The City of Ottawa has also just proposed a new Official Plan to its citizens in which it boasts about the value of the “15-minute community”. Why then is the City through its actions and its neglect killing its oldest 15-minute community?
A good community has many attributes: it is safe; it offers all needed services within walking distance; and it supports its residents and its businesses to help them live and work together. In the case of a downtown community in the city’s hotel district, it also provides attractive products for tourists. When that community also sits at the centre of the public transportation networks of the city, it should be expanding as a place for a diversity of retailers, restaurateurs and public institutions to operate. Lowertown/ByWard has all of these attributes but they are slowly being eroded either by design or neglect.
Lowertown is being undermined by a number of factors: the failure to protect its built heritage; the concentration of services for the homeless; the truck route through its centre; and the proliferation of bars to name a few.
The evidence shows that the Lowertown community is not safe, clean or appealing. In spite of six decades of promises, governments have done nothing to take the interprovincial truck traffic off King Edward and Nicholas. The homeless are concentrated in a few large shelters. People dependent on illegal drugs are forced to buy their drugs from criminal organizations. In spite of its own bylaw, the City has allowed the ByWard neighbourhood to be taken over by a monoculture of bars.
Lowertown has frequently seen the demolition of heritage buildings that had been neglected and bylaw control did not enforce property standards, creating a sense that Lowertown’s heritage is not worth saving.

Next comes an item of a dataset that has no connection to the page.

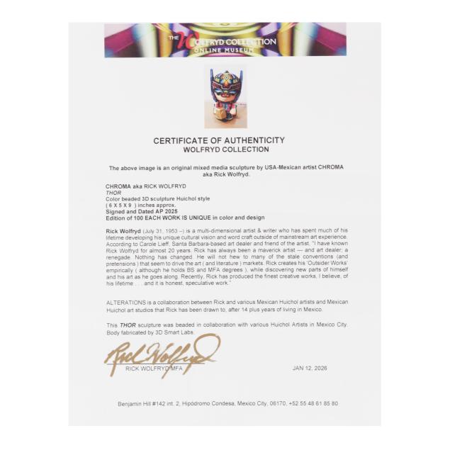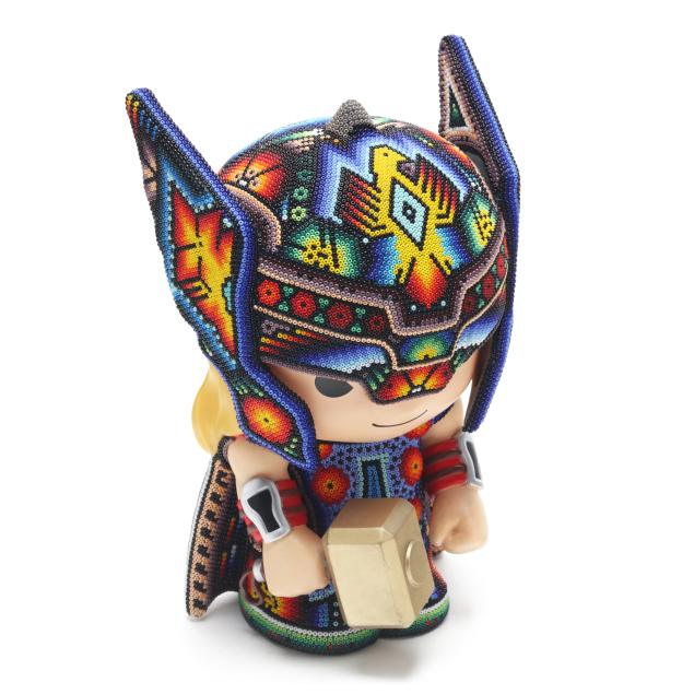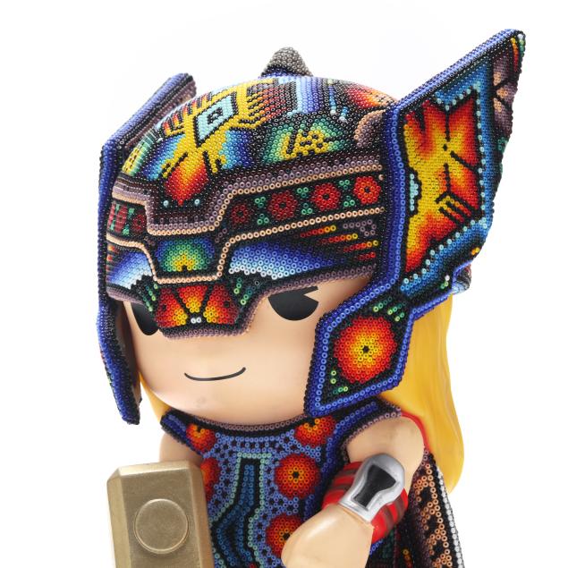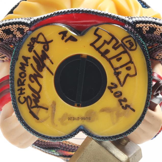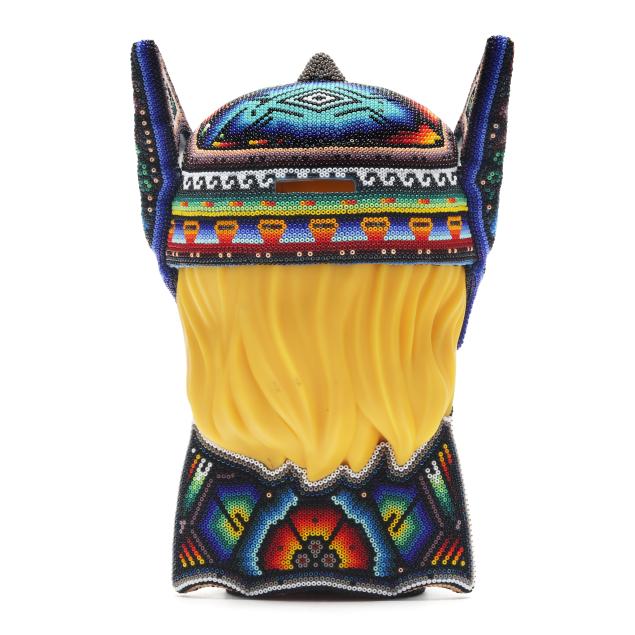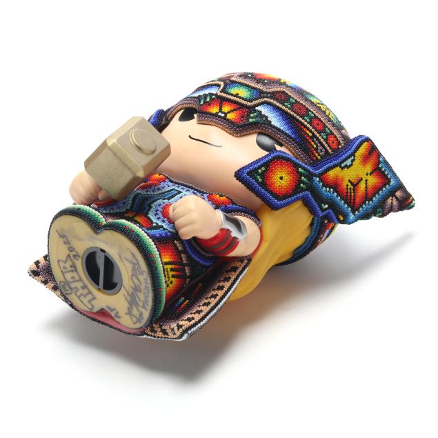 2025, artist proof from an edition of 100, ink signed, numbered AP and dated to the underside, large Huichol style color beaded 3D sculpture of Thor piggy bank, uniquely colored and designed in collaboration with various Huichol artists in Mexico city. Included with the Lot is a signed certificate of authenticity by the artist.

Three recent examples of the thinking from the City illustrate how lost we are. The draft new official plan for the City makes no commitment to dealing with the truck route through Lowertown. The proposed new official plan would create a special district for the ByWard Market focused on cultural programming, patios, nightlife and commercial activities, but it has no proposed policies to encourage the farmers’ market, to support small retailers or to respond to the needs of residents. By creating large patio zones to be rented at very low rates, the City is basically providing a subsidy to businesses like bars and restaurants that can use patio spaces, while small retailers cannot.

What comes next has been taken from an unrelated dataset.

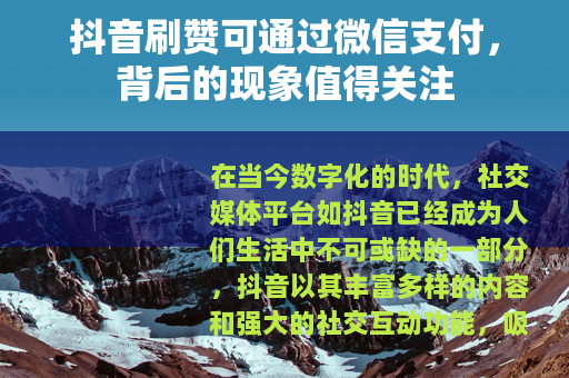 抖音刷赞通过微信支付的现象是一个值得我们深入思考和关注的社会现象,它涉及到平台、用户、社会等多个层面的问题,我们需要以积极的态度去面对和解决这些问题,共同营造一个更加健康、有序、充满活力的社交媒体生态环境,让抖音等平台在数字时代中绽放出更加耀眼的光芒,为人们的生活和社会的发展带来更多的惊喜和收获。

The concentration of services for the homeless in Lowertown is not good for the community or those experiencing homelessness. The Shepherds of Good Hope provides an essential service to the homeless in our City. They need a new kitchen and space for day programs. The Lowertown community supports their plans for those new facilities, but government-financing requirements have forced them to add 40 supportive-housing units. The City needs more supportive housing, but no one would agree that people at risk should be housed right beside the area where the city’s drug traffic is concentrated.

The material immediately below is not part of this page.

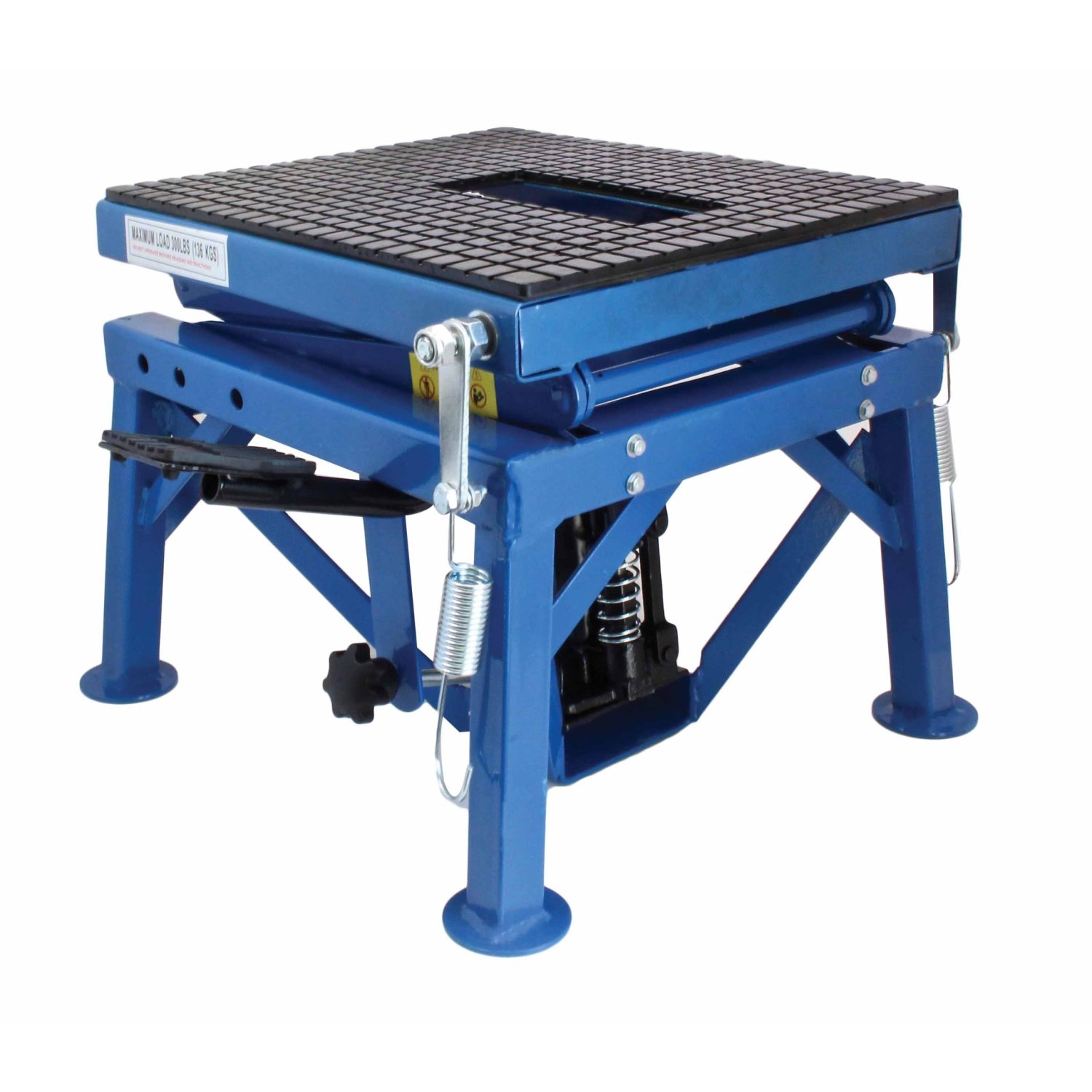 Nůžkový zvedák na motocykly, který je ovládán nožním hydraulickým čerpadlem. Velká plocha plošiny 410 x 350 mm zajišťuje stabilitu zvedaného motocyklu a západky ve 4 polohách umožňují pracovat ve výšce zvolené obsluhou. Díky nízké hmotnosti a kompaktním rozměrům je zvedák vysoce funkční a mobilní.

Here is what the city, the province and the federal government should do to save Lowertown and to make sure that its investment in new public infrastructure is not wasted:
- Establish vision and a governance model for ByWard that balances the interests of businesses, residents and institutions;
- Get the truck route out of the centre of the City;
- Commit to development that is compatible with a vibrant residential presence across Lowertown;
- Revive the ByWard Farmer’s Market. It is a strategy that supports food security, helps the farmers in the region, provides quality food for residents and is a proven tourist attraction;
- Increase the commercial diversity of Lowertown by supporting small retailers, especially those selling Canadian products;
- Take advantage of the Canada’s new cannabis laws by a careful and regulated introduction of safe retailing and use of cannabis products while establishing and enforcing reasonable distances between cannabis retail outlets.
- Expand supportive housing and affordable housing across the City and reduce the shelter population in Lowertown, Sandy Hill and Vanier. The poor and homeless come from every community; they should be provided for in every community;
- Implement fully the 2008 City bylaw establishing minimum distances between bars and nightclubs;
- Charge commercial rates when the public realm is rented to private businesses; and
- Reduce illegal drug dealing and use by expanding the availability of safe drugs to known addicts and help these people to lead lives free of crime.